Spark contains libraries for data analysis, machine learning, graph analysis, and streaming live data. Spark is generally faster than Hadoop. This is because Hadoop writes intermediate results to disk whereas Spark tries to keep intermediate results in memory whenever possible.

The Hadoop ecosystem includes a distributed file storage system called HDFS (Hadoop Distributed File System). Spark, on the other hand, does not include a file storage system. You can use Spark on top of HDFS but you do not have to. Spark can read in data from other sources as well such as Amazon S3.

Spark's Limitations

Spark Streaming’s latency is at least 500 milliseconds since it operates on micro-batches of records, instead of processing one record at a time. Native streaming tools such as Storm, Apex, or Flink can push down this latency value and might be more suitable for low-latency applications. Flink and Apex can be used for batch computation as well, so if you're already using them for stream processing, there's no need to add Spark to your stack of technologies.

Another limitation of Spark is its selection of machine learning algorithms. Currently, Spark only supports algorithms that scale linearly with the input data size. In general, deep learning is not available either, though there are many projects integrate Spark with Tensorflow and other deep learning tools.

Beyond Spark for Storing and Processing Big Data

Keep in mind that Spark is not a data storage system, and there are a number of tools besides Spark that can be used to process and analyze large datasets.

Sometimes it makes sense to use the power and simplicity of SQL on big data. For these cases, a new class of databases, know as NoSQL and NewSQL, have been developed.

For example, you might hear about newer database storage systems like HBase or Cassandra. There are also distributed SQL engines like Impala and Presto. Many of these technologies use query syntax that you are likely already familiar with based on your experiences with Python and SQL.

Task Boundaries

DAG tasks should be designed such that they are:

  • Atomic and have a single purpose
  • Maximize parallelism
  • Make failure states obvious

Every task in your dag should perform only one job.

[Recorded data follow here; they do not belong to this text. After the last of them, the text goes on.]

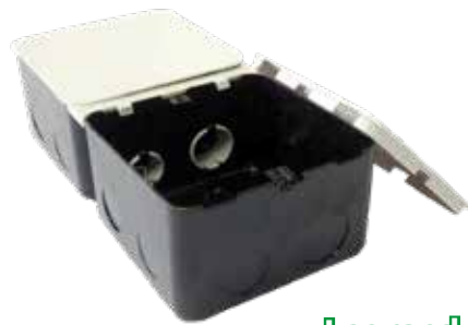
Legrand Double Pop-Up Back Box 0 540 02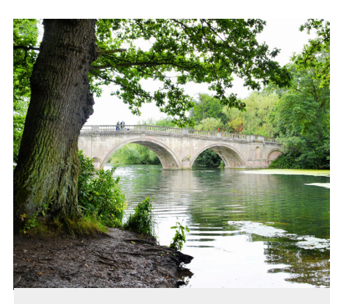
Clumber Park is well worth a visit

The Walled Kitchen Gardens are a pleasure; built in 1772 to supply the Dukes of Newcastle with vegetables and fruit, it is now home to the National Collection of apple varieties, including the new variety 'Pilgrim 400', and over 130 varieties of rhubarb! The 19th century glasshouses and palm house grow plants and produce all year around, offering glorious displays. Home grown produce is also used in the Garden Tea Room, where a variety of food and drinks are served. The beautiful lakeside provides stunning views and breath-taking walks. (Entry fees apply).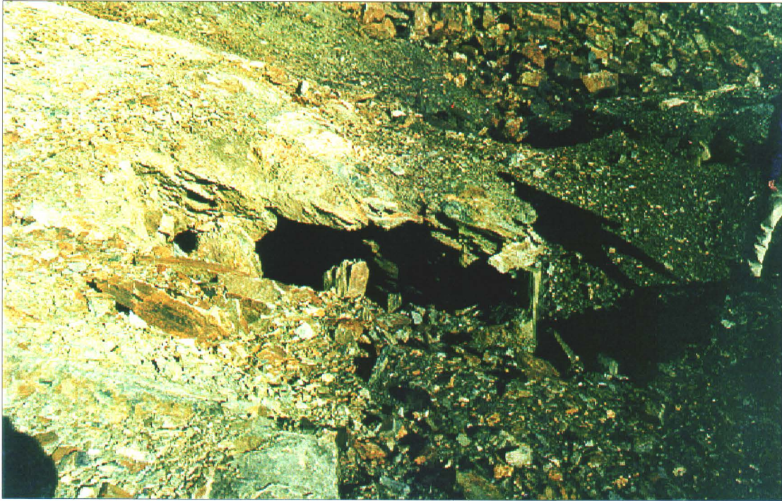
Photo 39-1 : Caribou. Caribou adit; portal exposed by bedrock striping. (Azimuth 080 °)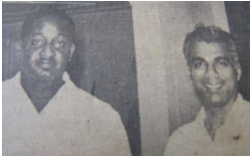
Forbes Burnham and Dr. Cheddi Jagan

Today, he runs his Party like the way King Christopher once ran Haiti. While terror is no stranger to our country, it has never been used to suppress FREEDOM, the liberty of speech, worship and the press. Would these freedoms continue under my brother? It is my concern in this area...personal individual freedom...that causes me to say to my people, to Guyana, “BEWARE, MY BROTHER, FORBES. Watch carefully to whom you hand your Government.”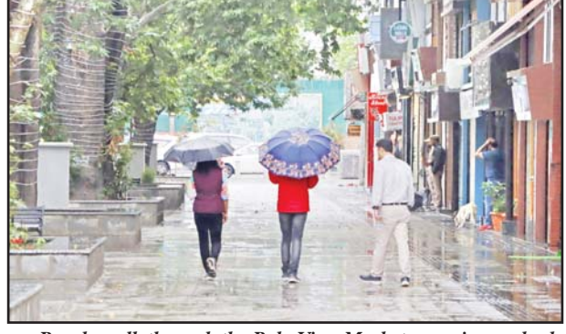
People walk through the Polo View Market, carrying umbrellas on a rainy day in Srinagar on Friday.

Excelsior Correspondent SRINAGAR, July 7: Weatherman today forecast widespread moderate to heavy rain in Kashmir till July 9 under the influence of monsoon winds and Western disturbance. Kashmir was lashed by rains today bringing down the temperatures across the region and giving respite to the people from hot weather. Director MeT office here Sonam Lotus said: "Under the influence of monsoon winds and western disturbance, widespread moderate to heavy rain with thundershower/lightning is expected in Jammu & Kashmir during 7- 9th July with main activity on July 8-9th." (Contd on page 4 Col 7)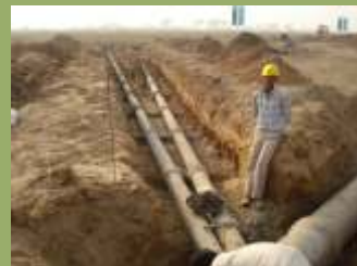
Construction work at site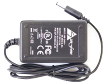
Power supply for AmiNET130

The AmiNET130 is supplied with the following accessories: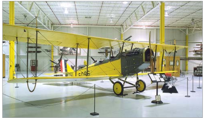
The Glenn H. Curtiss Museum in Hammondsport, New York utilizes a DriSteem GTS ® gas humidifier to preserve historical artifacts and reduce energy costs.

The Curtiss museum is filled with hundreds of objects containing a variety of materials (wood, canvas, fabric and paint) that are subject to cracking, chipping, peeling and distortion without proper humidity levels – ideally 40% to 60% relative humidity (RH). When the Curtiss Museum opened, a humidification system was not installed, and the RH level hovered between 3% and 10%. Jim White, the museum's engineer, knew that he needed to maintain humidification at an RH level of at least 40% with minimal fluctuation ( \pm 3\% ) – or jeopardize the preservation of the museum's contents.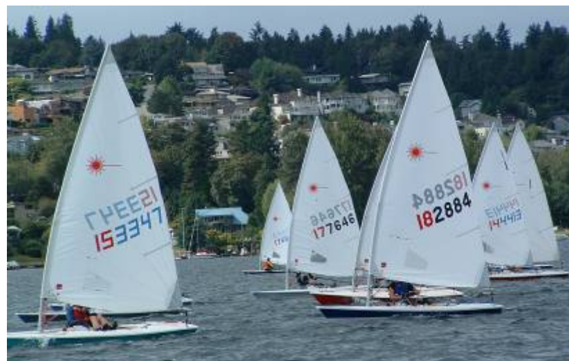
The Radial fleet heading upwind at the Northwest Youth Championships

Registration forms and class schedules can be obtained from the SYC Web site ( http://www.seattleyachtclub.org/Sailboat/Sailboat/Junior/2006_Sail_School_Brochure_Web.pdf ), at SYC's Portage Bay Club House, or through the Director of Sailing's Office.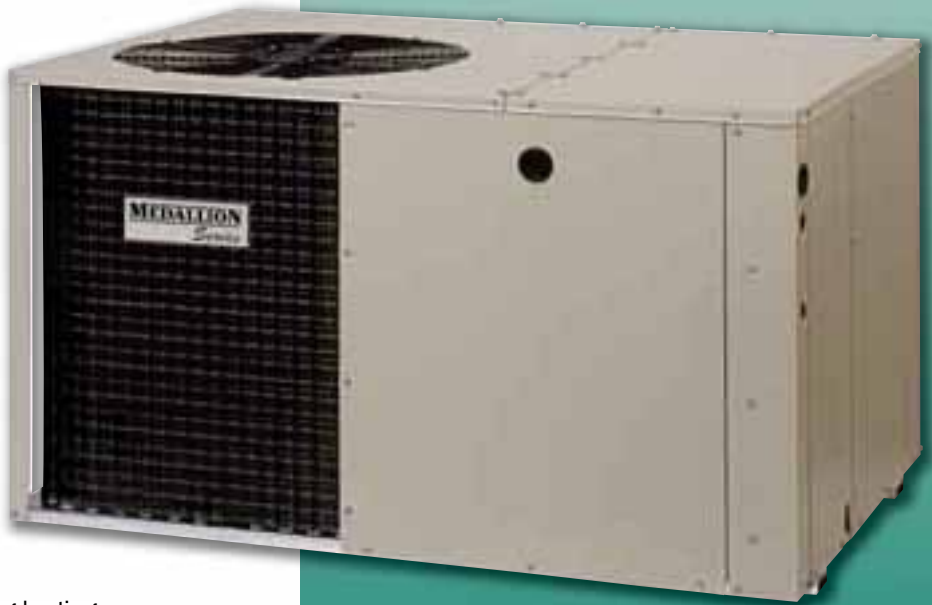
Models P7RD Air Conditioner, Q7RD (7.7 HSPF) Heat Pump

“Write programs that do one thing and do it well.” - Ken Thompson’s Unix Philosophy

Benefits of Task Boundaries

  • Re-visitable: Task boundaries are useful for you if you revisit a pipeline you wrote after a 6 month absence. You'll have a much easier time understanding how it works and the lineage of the data if the boundaries between tasks are clear and well defined. This is true in the code itself, and within the Airflow UI.
  • Tasks that do just one thing are often more easily parallelized. This parallelization can offer a significant speedup in the execution of our DAGs.